# What Will a "Woke" Military Mean for Us?



## Denton (Sep 18, 2012)

Identity Politics and Critical Race Theory Have No Place in U.S. Military


Sen. Tom Cotton, rightly angered that the Department of Defense is moving to indoctrinate U.S. military personnel in divisive critical race theory, has introduced a bill that would forbid it.




www.heritage.org





This will divide the military, and that's what the Chinese want.


----------



## The Tourist (Jun 9, 2016)

*This will divide the military, and that's what the Chinese want.*

I _assume_ you're referring to the American military. And yes, there was a very bad "slope" in the 1968 to '72 era. Let's face it, the jokes are over, after all, the joke might refer to your dad or your uncle.

I believe that there was also a very strict "reject rate" at this time. One of my freshman class (living in student-housing) came back almost at the end of the year. There was a mistaken belief that if you didn't get yourself into "an injury," dismal grades, or tickets to Canada you'd be watering a Vietnamese jungle with napalm. The guys I knew served in The States like most guys. And most of the guys doing the fighting had the skills to actually fight, and did so with distinction.

My discussion with a soldier at one of our "meeting and greets" lasted within two, perhaps three seconds. He saw the simple word "asthma" in my sheet and told me to take up "wall-papering..."


----------



## Denton (Sep 18, 2012)

The Tourist said:


> *This will divide the military, and that's what the Chinese want.*
> 
> I _assume_ you're referring to the American military. And yes, there was a very bad "slope" in the 1968 to '72 era.
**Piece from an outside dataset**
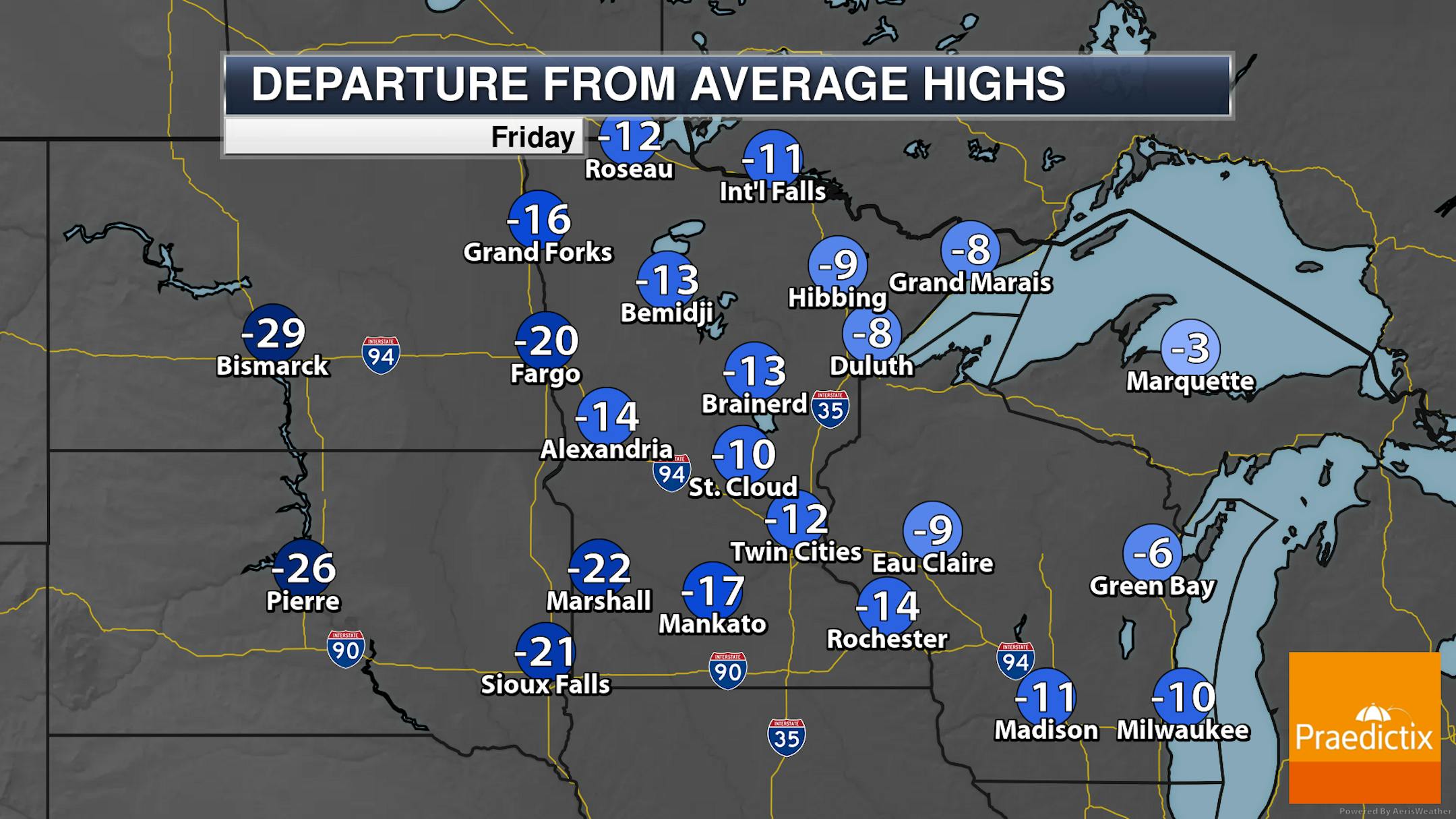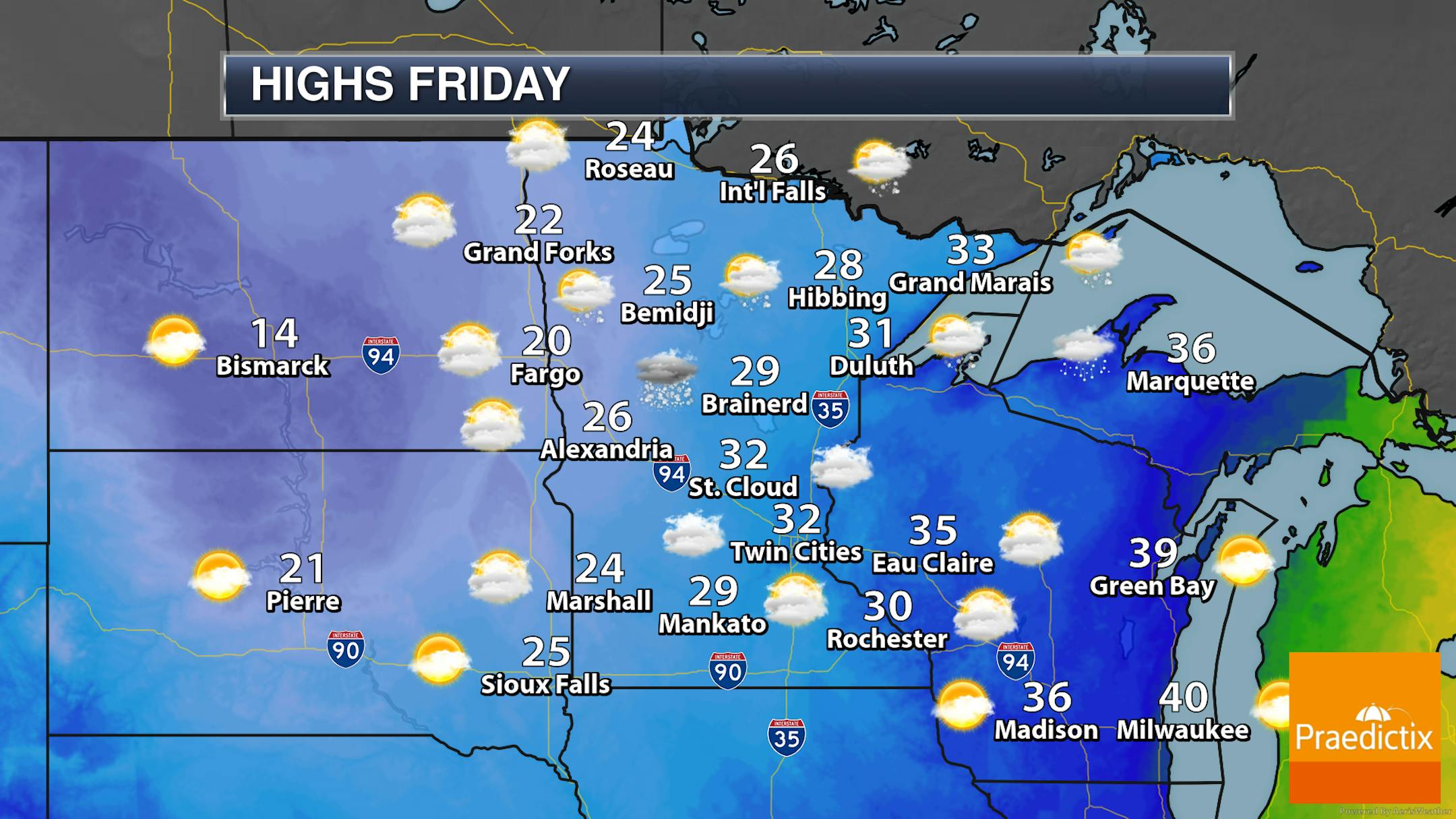 The better chance of some snow showers lingering through the day will be up across northern and central Minnesota - otherwise, it'll be a cloudy and chilly day with highs across the state and western Wisconsin in the 20s and 30s. For snowfall totals on Friday, we can expect maybe an inch or two possible up in far northern Minnesota, with maybe enough to coat the ground and measure as far south as Mille Lacs.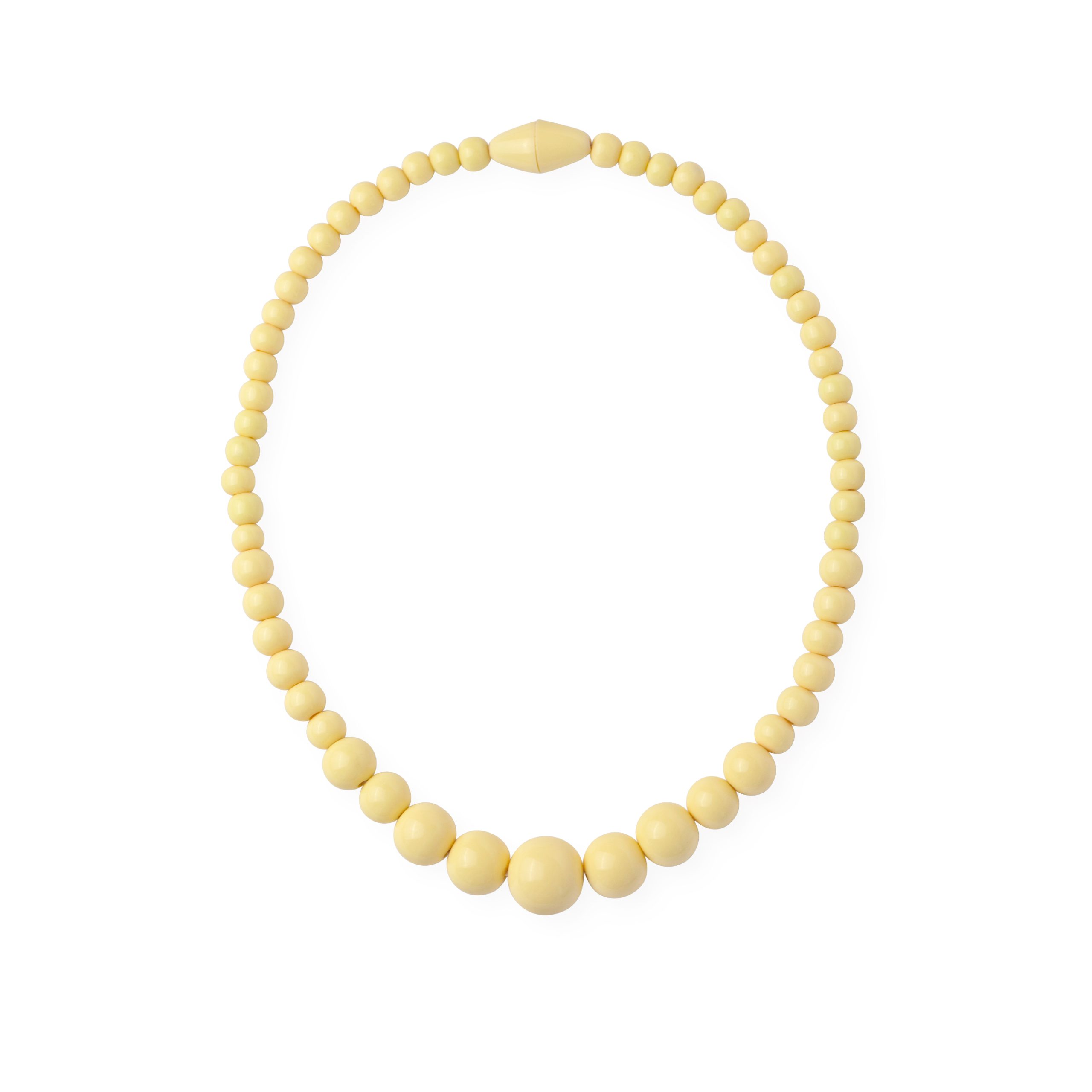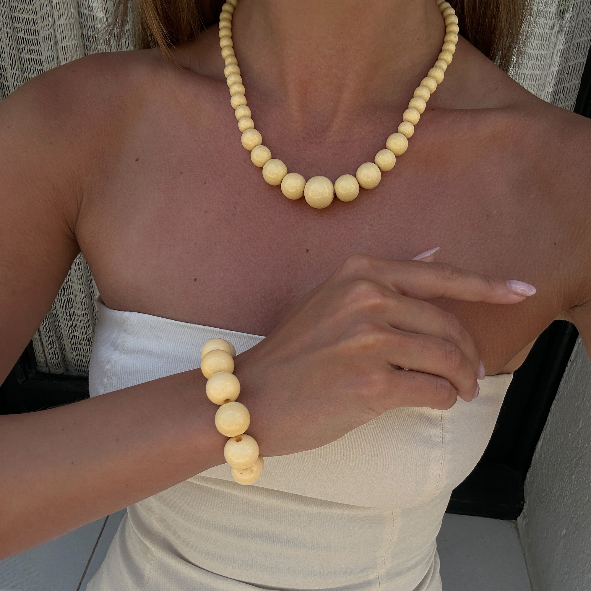 Den släta ytan på pärlorna ger ett stilrent uttryck, samtidigt som den smörgula färgen tillför ett mjukt och personligt inslag. Halsbandet kan bäras ensamt som en tydlig detalj eller kombineras med andra smycken för en mer personlig stil.

Let's face it, the jokes are over, after all, the joke might refer to your dad or your uncle.
> 
> ...


I'm sorry, but what the Hell are you talking about?
Try reading the article and you'll understand the topic.


----------



## inceptor (Nov 19, 2012)

Denton said:


> I'm sorry, but what the Hell are you talking about?


He's gone back to a time when you might have just made into your teens. 

They told me back then not to take those things because they will cause flashbacks when you get older. 50 years later and I'm still waiting...............


----------



## Denton (Sep 18, 2012)

inceptor said:


> He's gone back to a time when you might have just made into your teens.
> 
> They told me back then not to take those things because they will cause flashbacks when you get older. 50 years later and I'm still waiting...............


Oh, we had acid in the days of my youth, too. Me? I was all about beer.


----------



## inceptor (Nov 19, 2012)

Denton said:


> Oh, we had acid in the days of my youth, too. Me? I was all about beer.


Yeah but I was referring to what he said about the military. That was the 60's. 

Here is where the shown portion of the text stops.